> [THE TASK]: Everything below from the line with "A modern abstract" through the line with "12月3日,高原老人向记者介绍对日诉讼索赔历程。" must be retyped exactly, except the pictures.

(Beginning of AVAILABLE RECORDS)

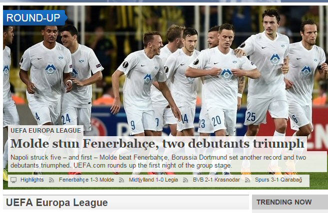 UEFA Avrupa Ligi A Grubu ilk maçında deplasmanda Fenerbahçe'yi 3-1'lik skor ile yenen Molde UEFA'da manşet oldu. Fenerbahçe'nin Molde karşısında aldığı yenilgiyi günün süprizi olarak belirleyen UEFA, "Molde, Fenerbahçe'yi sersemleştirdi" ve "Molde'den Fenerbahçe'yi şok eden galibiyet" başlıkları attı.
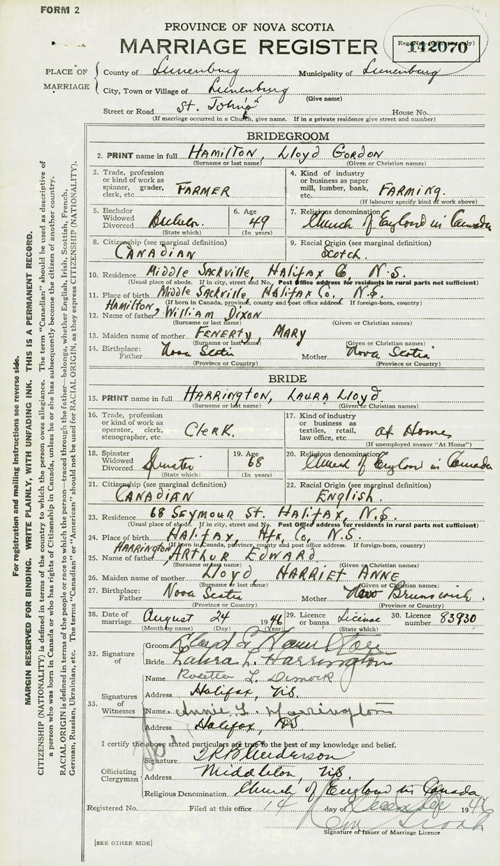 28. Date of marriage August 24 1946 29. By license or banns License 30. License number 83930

(End of AVAILABLE RECORDS)
(Beginning of AVAILABLE RECORDS)

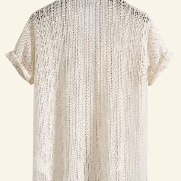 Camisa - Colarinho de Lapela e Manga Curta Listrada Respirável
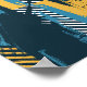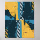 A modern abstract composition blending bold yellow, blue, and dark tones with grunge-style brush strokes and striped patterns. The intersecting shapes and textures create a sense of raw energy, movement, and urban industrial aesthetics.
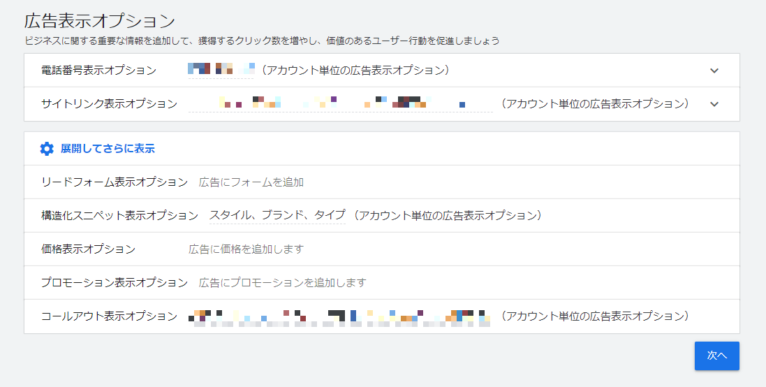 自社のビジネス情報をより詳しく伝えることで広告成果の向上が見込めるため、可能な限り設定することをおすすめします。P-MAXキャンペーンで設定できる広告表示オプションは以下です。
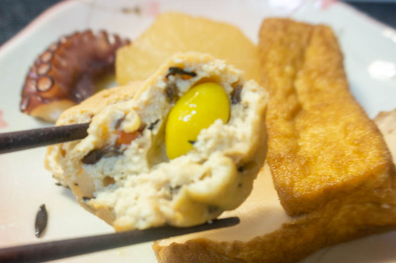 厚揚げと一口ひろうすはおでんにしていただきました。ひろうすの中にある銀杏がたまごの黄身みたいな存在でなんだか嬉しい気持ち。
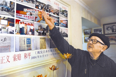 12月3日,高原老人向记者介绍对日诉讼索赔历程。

(End of AVAILABLE RECORDS)
(Beginning of AVAILABLE RECORDS)

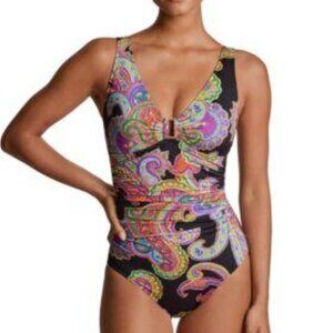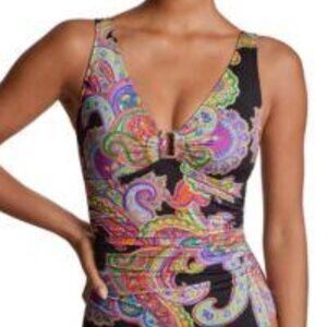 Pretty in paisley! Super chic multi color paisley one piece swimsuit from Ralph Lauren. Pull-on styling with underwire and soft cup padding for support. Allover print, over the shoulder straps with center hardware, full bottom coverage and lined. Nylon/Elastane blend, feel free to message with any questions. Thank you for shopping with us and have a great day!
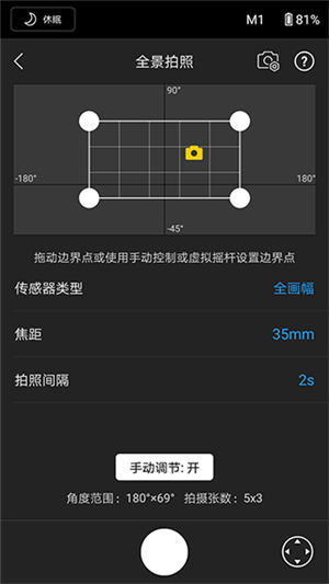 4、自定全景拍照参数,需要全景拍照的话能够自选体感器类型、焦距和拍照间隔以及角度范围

(End of AVAILABLE RECORDS)

> [YOUR SOLUTION]:
 A modern abstract composition blending bold yellow, blue, and dark tones with grunge-style brush strokes and striped patterns. The intersecting shapes and textures create a sense of raw energy, movement, and urban industrial aesthetics.
 自社のビジネス情報をより詳しく伝えることで広告成果の向上が見込めるため、可能な限り設定することをおすすめします。P-MAXキャンペーンで設定できる広告表示オプションは以下です。
 厚揚げと一口ひろうすはおでんにしていただきました。ひろうすの中にある銀杏がたまごの黄身みたいな存在でなんだか嬉しい気持ち。
 12月3日,高原老人向记者介绍对日诉讼索赔历程。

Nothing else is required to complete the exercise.